Todays readings.. Deuteronomy 30, Isaiah 2, Acts 28

“THE HAUGHTINESS OF MAN SHALL BE HUMBLED” May 13th

We have 3 most instructive chapters today.  In Deuteronomy ch. 30 Moses’ continues his final message of encouragement to his people – that the Lord “will bring you into the land that your fathers possessed, that you may possess it. And he will make you more prosperous and numerous than your fathers.  And the LORD your God will circumcise your heart …” [v.5,6]  Our attitude of heart is essential – to be “cut to the heart” as Peter’s hearers were on the day of Pentecost [Acts 2 v.37]

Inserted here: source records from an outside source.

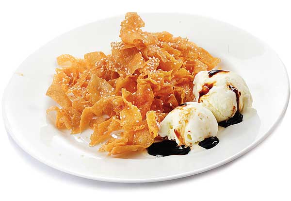 পদ্ধতি: ওয়ানটন শিটগুলোকে চওড়া (এক সেন্টিমিটার) করে কেটে নিন। কড়াইয়ে তেল গরম করে ওয়ানট মুচমুচ্ করে ভেজে নিন। এবার একটি আলাদা কড়াইয়ে মধু ও চিনি নিয়ে গরম করুন। চিনি ও মধু পরস্পরের সঙ্গে মিশে গেলে, এর মধ্যে ওয়ানটন স্ট্রিপগুলো দিয়ে, টস করে নিন, যাতে সিরাপটা ওই স্ট্রিপগুলোর গায়ে পরতের মতো লেগে যায়। এর উপর রোস্টেড তিল ছড়িয়ে ভ্যানিলা আইসক্রিমের সঙ্গে সার্ভ করুন। ভ্যানিলা আইসক্রিমের উপর চকোলেট সিরাপও ছড়িয়ে দিতে পারেন।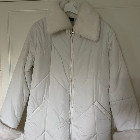 Vero Modan toppatakki koossa xs. Vyötäröllä ja helmassa kiristysnauhat, huppu irrotettavissa, taskut. Noin polvipituinen. Hyvä käytetty kunto, pesun jäljiltä osa täytteistä pikkuisen pakkautunut.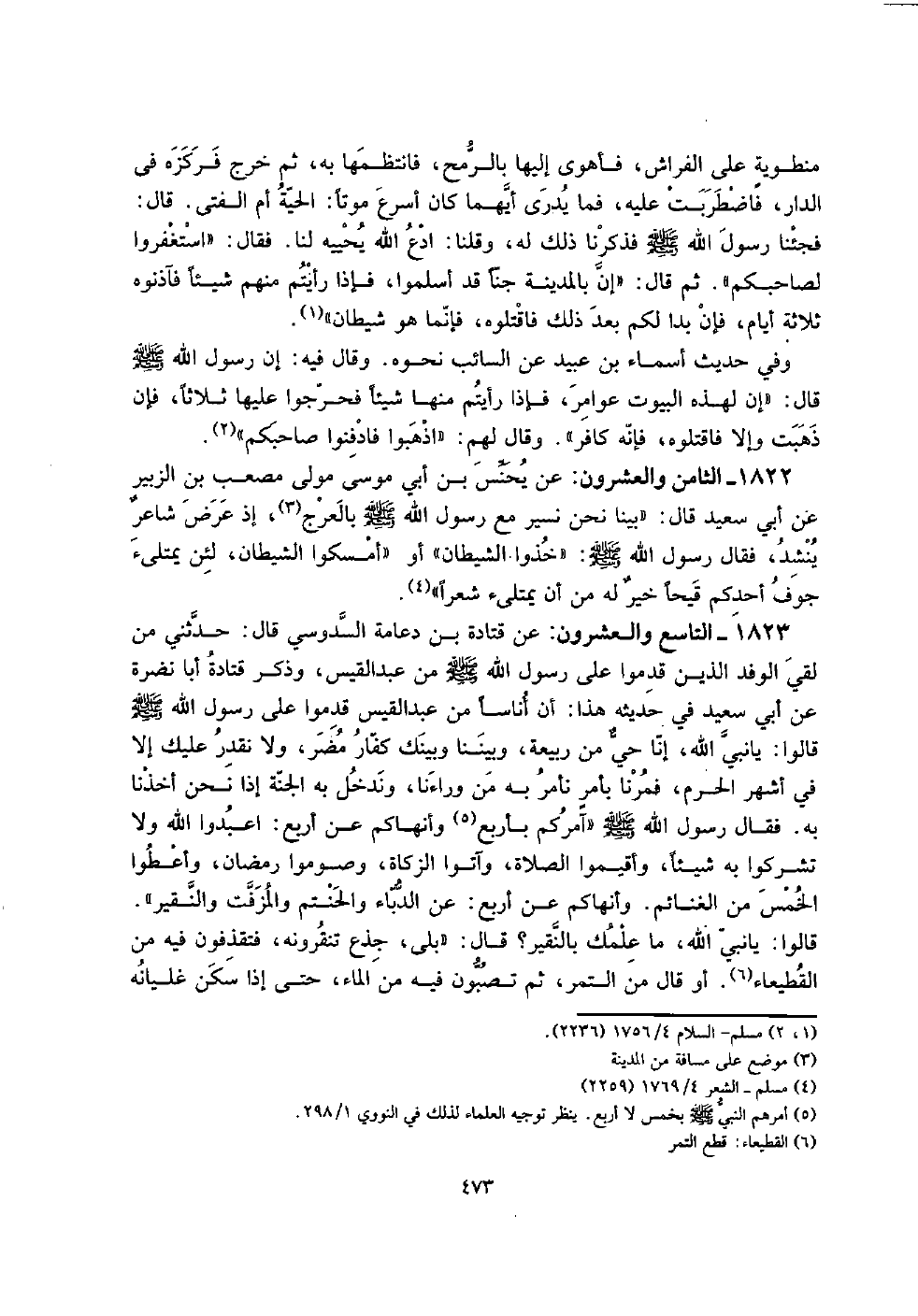 1823 - التَّاسِع وَالْعشْرُونَ: عَن قَتَادَة بن دعامة السدُوسِي قَالَ: حَدثنِي من لَقِي الْوَفْد الَّذين قدمُوا على رَسُول الله صلى الله عَلَيْهِ وَسلم من عبد الْقَيْس، وَذكر قَتَادَة أَبَا نَضرة عَن أبي سعيد فِي حَدِيثه هَذَا: أَن أُنَاسًا من عبد الْقَيْس قدمُوا على رَسُول الله صلى الله عَلَيْهِ وَسلم قَالُوا: يَا نَبِي الله، إِنَّا حيٌّ من ربيعَة، وبيننا وَبَيْنك كفار مُضر، وَلَا نقدر عَلَيْك إِلَّا فِي أشهر الْحرم، فمرنا بأمرٍ نأمر بِهِ من وَرَاءَنَا، وندخل بِهِ الْجنَّة إِذا نَحن أَخذنَا بِهِ. فَقَالَ رَسُول الله صلى الله عَلَيْهِ وَسلم " آمركُم بِأَرْبَع وأنهاكم عَن أَربع: اعبدوا الله وَلَا تُشْرِكُوا بِهِ شَيْئا، وَأقِيمُوا الصَّلَاة، وَآتوا الزَّكَاة، وصوموا رَمَضَان، وأعطوا الْخمس من الْغَنَائِم. وأنهاكم عَن أَربع: عَن الدُّبَّاء والحنتم والمزفت والنقير ".

The experiences of the Israelites as they left the wilderness, in which all their parents had died, is instructive. Moses had brought them close to God, he told them “…the word is very near you. It is in your mouth and in your heart, so that you can do it.”[v.14] And it is in our hands so that we can read and “do it” But how many do?  Do they see this world as a wilderness?  Paul like them, was in the final stages of his journey – in his mortal life – as we read today in the last chapter of Acts. Our world, as we know it now, is in its’ last stages!

Our reading in Isaiah ch. 2 offered us two contrasts – they are intensely challenging. The first is wonderful, it describes the time that is coming “in the latter days” when “out of Zion shall go the law, and the word of the LORD from Jerusalem.  He shall judge between the nations …” [v.2-4] How close are we to that day!?  But before that ‘day’ “the LORD of hosts has a day against all that is proud and lofty … against all the lofty mountains …” [v.12,14]  And we think of the lofty mountains in Nepal!

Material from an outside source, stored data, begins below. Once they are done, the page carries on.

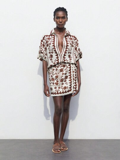 Maija تنورة كاجوال للنساء بربطة غير متماثلة وطباعة زهور، قطعة ملابس متنوعة مريحة للارتداء في العطلات والشاطئ في فصلي الربيع والصيف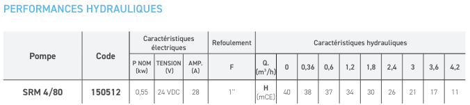 Débit : 0 à 4,2 m3/h - Puissance : 0.55 Kw -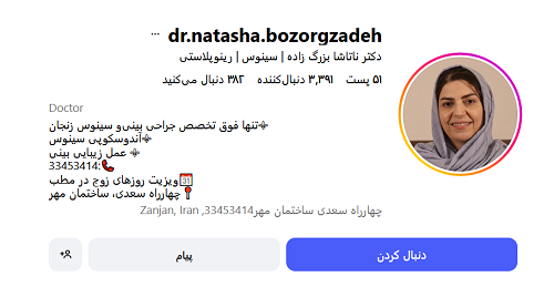 دکتر ناتاشا بزرگ زاده بهترین جراح بلفاروپلاستی در زنجان می باشد. ایشان جراح و متخصص پلاستیک و زیبایی است که پزشکی عمومی و بورد تخصصی خود را از دانشگاه علوم پزشکی تهران اخذ کرده است. دکتر بزرگ زاده میزان رضایتمندی بالایی از جانب مراجعین خود دریافت کرده است. مطب ایشان تمیز و مجهز است و همه روزه آماده خدمت رسانی به بیماران می باشد.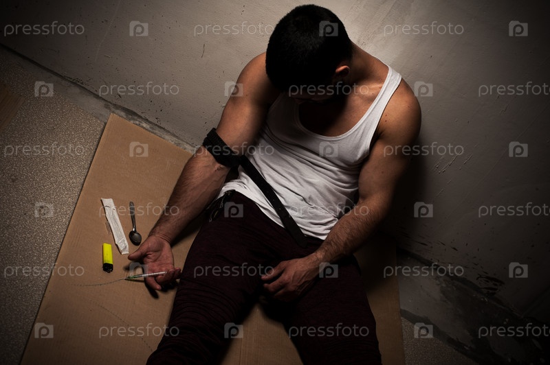 Передозировка молодого взрослого мужчины, сидящего с шприцем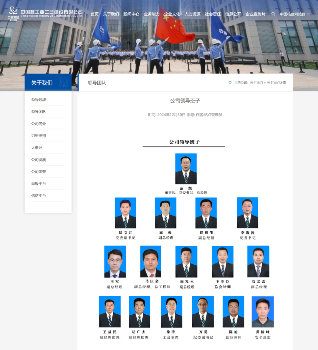 中国核建人力资源部(组织部)总经理王林森主持会议并宣布任免决定:推荐屈强为中核二三副总经理(主持经理班子工作);建议免去范凯兼任的中核二三总经理职务。
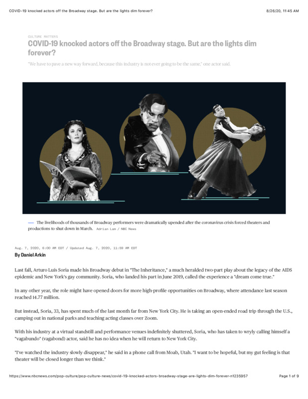 The news article is about the impacts the coronavirus pandemic had on Broadway and how it affected the people related to Broadway, the article also emphasizes the fact that the pandemic may have changed Broadway forever. This is important to me because when I was younger, my family and I used to go see shows every time we were in New York City, it was always a magical experience for me and my brother. This isn’t one of the most common ‘tragic outcomes’ of the pandemic, so I wanted to share the devastating losses that Broadway and the theatre community is experiencing due to the pandemic.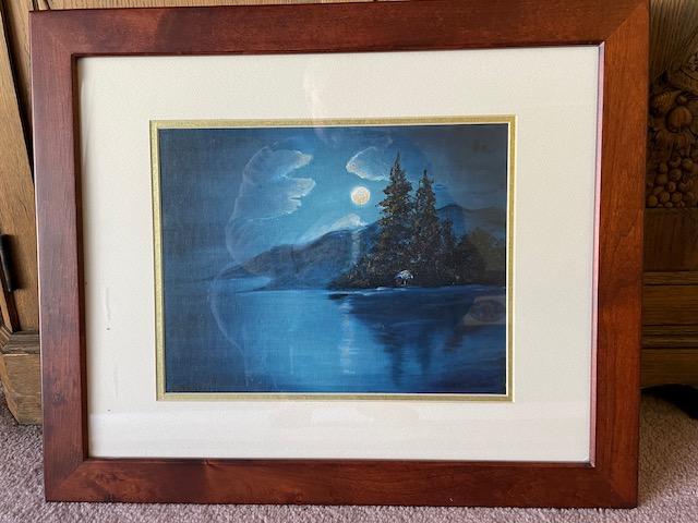 Moon picture is 19 1/2 x 23 1/2 Nice wood frame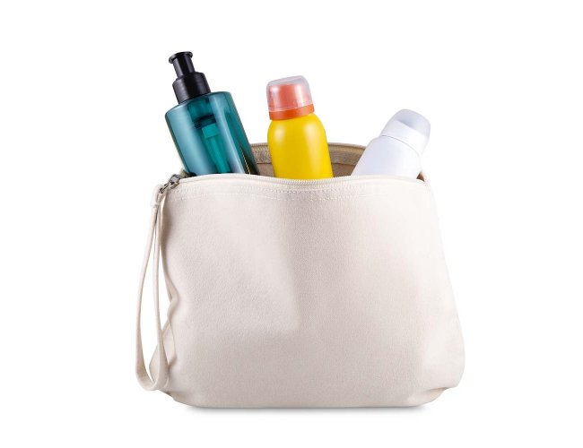 Necessaire confeccionada em algodão reciclado de 340 g/m², conta com alça de mão em algodão que facilita o transporte, sendo prática e resistente para organização de objetos pessoais.

Verse 15 awes us with its’ potential application! “Against every high tower” and we think of how buildings and towers have been built to incredible heights in recent years!  And when we come to Isaiah 30 v.25 we will read of “the day of the great slaughter, when the towers fall.”

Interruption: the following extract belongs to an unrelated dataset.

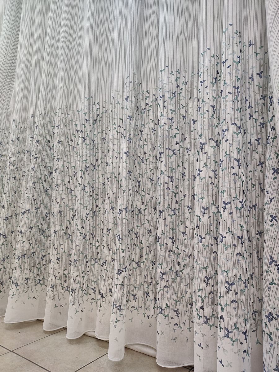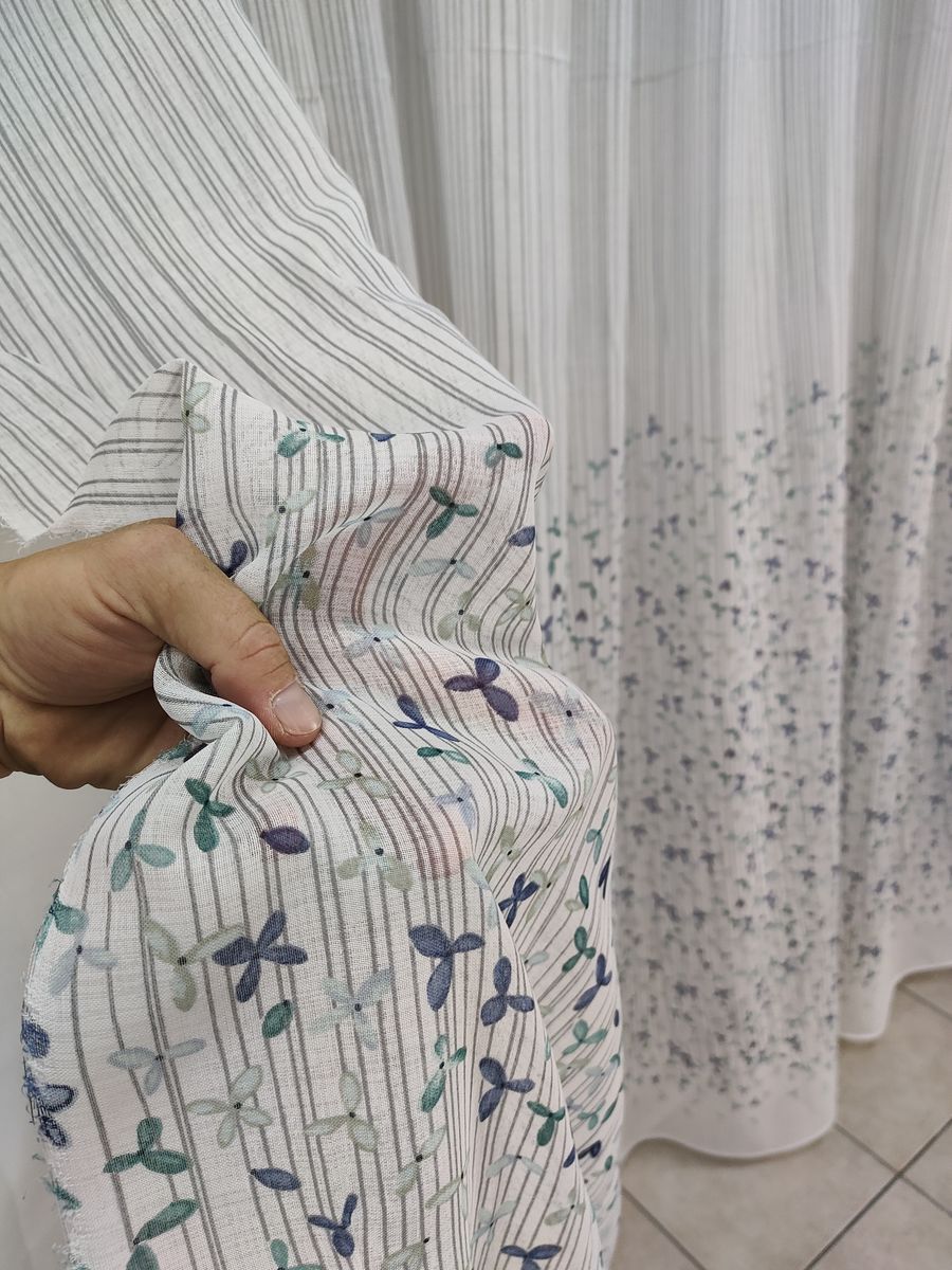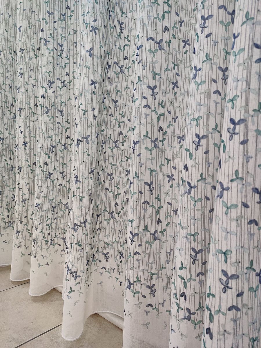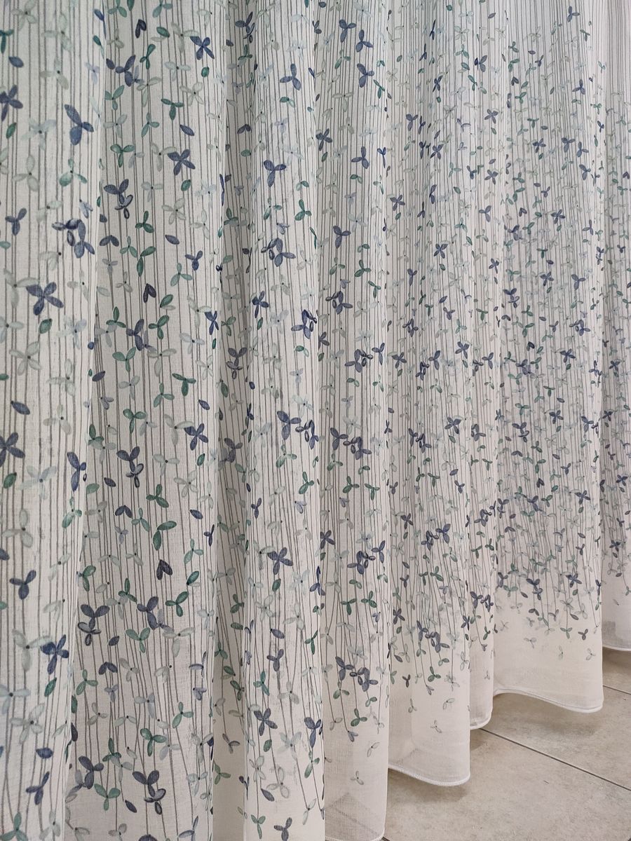 Tenda a Metro effetto lino Fiorellini Azzurro

Back in ch. 2 we see the time described when “people shall enter the caves of the rocks and the holes of the ground, from before the terror of the LORD, and from the splendour of his majesty, when he rises to terrify the earth.” [v.19]  The opening verses we read described the “splendour of his majesty” and so ” the haughtiness of man shall be humbled, and the lofty pride of men shall be brought low and the LORD alone will be exalted in that day” [v.17]

Will you and I be there to see “the splendour of his majesty”?  Isaiah invited his fellows (and surely this invitation is for us today)  “O house of Jacob, come, let us walk in the light of the LORD.  Let us all make it clear to our Lord that we are walking in the light – today – and every day.